Apple is rolling out a new Apple Intelligence capability that can change passwords on a user’s behalf, aiming to help people recover faster when an account is hacked or when a password is deemed weak or compromised.
The feature centers on Apple’s Passwords experience and is being positioned as an automated way to reset credentials without requiring users to hunt through account settings, generate a new password, and then store it. Recent coverage from outlets including Gizmodo and MacRumors described the tool as able to automatically fix weak and compromised passwords, with Apple Intelligence handling more of the steps involved in resetting an affected login.
The update arrives as Apple continues a broad push to weave Apple Intelligence across its default apps, an effort highlighted in coverage of the company’s latest software announcements and WWDC-related reporting from Engadget, Six Colors, and TechRadar. Business Insider also pointed to Apple’s AI tools as some of the most practical consumer-facing features in the new wave of on-device assistance.
Supporters of the idea frame it as a quality-of-life upgrade for security: many people reuse passwords, delay changing them after breaches, or struggle to manage resets across multiple services. An automated flow could reduce the time between noticing a problem and taking action, and could cut down on the number of weak passwords that stay in circulation simply because changing them is a chore.

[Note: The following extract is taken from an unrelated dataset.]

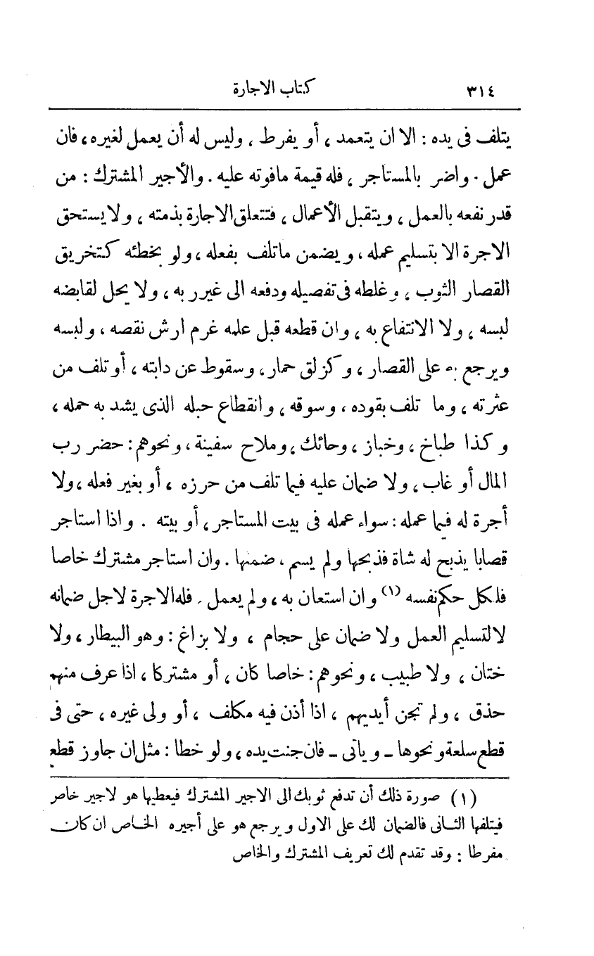 1 صورة ذلك أن تدفع ثوبك إلى الأجير المشترك فيعطيها هو لأجير خاص فيتلفها الثاني فالضمان لك على الأول ويرجع هو على أجيره الخاص إن كان مفرطا: وقد تقدم لك تعريف المشترك والخاص.

At the same time, shifting password changes from a user-driven process to an AI-assisted one raises clear questions about control, transparency, and error handling. Password resets can be high-stakes actions that affect access to banking, email, shopping, and social accounts. When automation is involved, users will want to know what exactly changed, where it changed, and how to recover if something goes wrong during the process.

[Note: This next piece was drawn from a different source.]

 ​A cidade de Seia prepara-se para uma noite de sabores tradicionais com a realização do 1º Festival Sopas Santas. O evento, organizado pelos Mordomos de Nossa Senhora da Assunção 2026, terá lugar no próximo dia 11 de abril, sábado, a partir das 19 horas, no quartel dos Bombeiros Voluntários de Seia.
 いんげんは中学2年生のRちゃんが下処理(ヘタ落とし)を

Another sensitive point is the potential for lockouts or mismatches between a newly set password and what a user expects across devices and apps. Any system that updates credentials needs to ensure the new password is stored correctly, synced reliably, and available when a user attempts to sign in again. When password changes are triggered in response to a suspected hack or compromise, timing and verification steps matter, especially if an account is already under pressure from unauthorized activity.
Apple’s rollout also lands amid a broader industry shift toward reducing reliance on traditional passwords altogether, with passkeys and other phishing-resistant methods increasingly promoted as alternatives. Even so, passwords remain widely used, and tools that manage them more aggressively will touch a large number of everyday logins.
What happens next will depend on how Apple presents the feature inside the Passwords experience and across supported apps, and what options users have to approve, review, or undo changes. Further details are expected as Apple’s software updates move through their release cycle and more people encounter the capability in real-world account recovery situations.
For many users, the promise is simple: fewer password headaches when something goes wrong, but with higher expectations that the automation is as careful and accountable as the security problem it’s trying to solve.